Somparn Promta, a lecturer of philosophy at Mahachulalongkorn University, tells TIME that it’s common practice for people to seek ordination as Buddhist monks for a limited time after causing harm to others, as a way to “show their moral responsibility” and “make merit for those who are harmed by them.”

“This kind of ordination usually takes a short time. Normally about seven days,” he says. “It would help the persons who harm others to feel good both with themselves and those who are harmed.”

In 2019, a wealthy businessman was ordained as a monk after making headlines for killing two people while drunk driving. He also agreed to pay 45 million baht ($1.26 million) in damages to the victims’ families.

But getting ordained doesn’t automatically come with public forgiveness. Last year, in another road accident that sparked national outrage, a young policeman hit and killed a woman while speeding on his motorcycle. Days after the crash, both he and his father entered monkhood to make merit for the victim, but the move did little to stop public anger from boiling over. The incident sparked heated discussions about the city’s road safety and reckless drivers. The 21-year-old cop was also pressured to exit monkhood after just three days, after the public raised concerns that he was not fit to be a monk.

“Many Thais are obsessed with the idea that merit-making can compensate for when they have erred, as if crimes and merit making are transactional,” a Bangkok Post columnist wrote days after the deadly road accident.

“This attitude does more harm than good to society, as it reinforces a notion that anyone—from individuals to government officials and politicians—can trade away their karmic debt through public displays of contrition yet continue to repeat those same illegal or immoral acts.”

In recent years, the reputation of monks has taken a hit in Buddhist-majority Thailand, where most men are required to live as a monk temporarily at some point in their lives. Some criminals are known to take refuge in monkhood as they lay low from the outside world.
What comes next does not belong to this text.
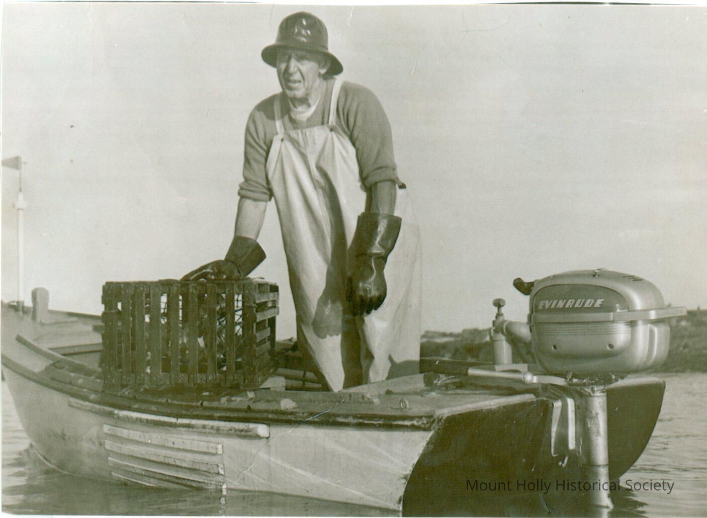 Mark Tucker: Older white man on boat with outboard motor, wearing heavy gloves and overalls, facing camera with right hand on a crate or lobster trap

Meanwhile, reports of monks engaging in criminal activity—ranging from money laundering to drug trafficking and even murder—have further eroded public trust in the clergy.

But for this week, public sentiments appear to sympathize with the firefighters who have now become—at least temporarily—novice monks. On social media, their ordination was met with support and condolences, with many seeing the case as an unfortunate accident more than a tragedy caused by negligence.